WORK TASK: Using the listing below, please print exactly the lines from the one with "FERMASIL® for white goods" through the one with "First, get it". Leave out every picture.

TASK MATERIAL:
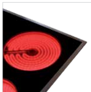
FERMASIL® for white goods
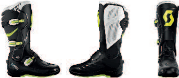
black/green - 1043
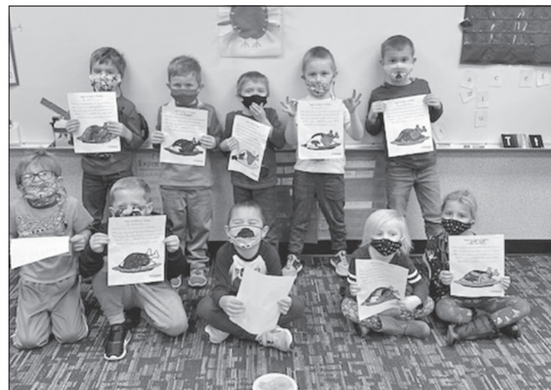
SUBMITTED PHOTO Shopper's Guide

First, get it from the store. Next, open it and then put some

---

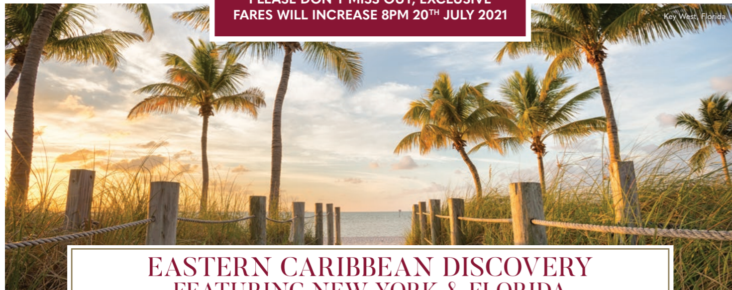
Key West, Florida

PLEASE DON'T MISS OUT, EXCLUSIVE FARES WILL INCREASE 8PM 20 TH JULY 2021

ANSWER BOX:
FERMASIL® for white goods
black/green - 1043
SUBMITTED PHOTO Shopper's Guide

First, get it from the store. Next, open it and then put some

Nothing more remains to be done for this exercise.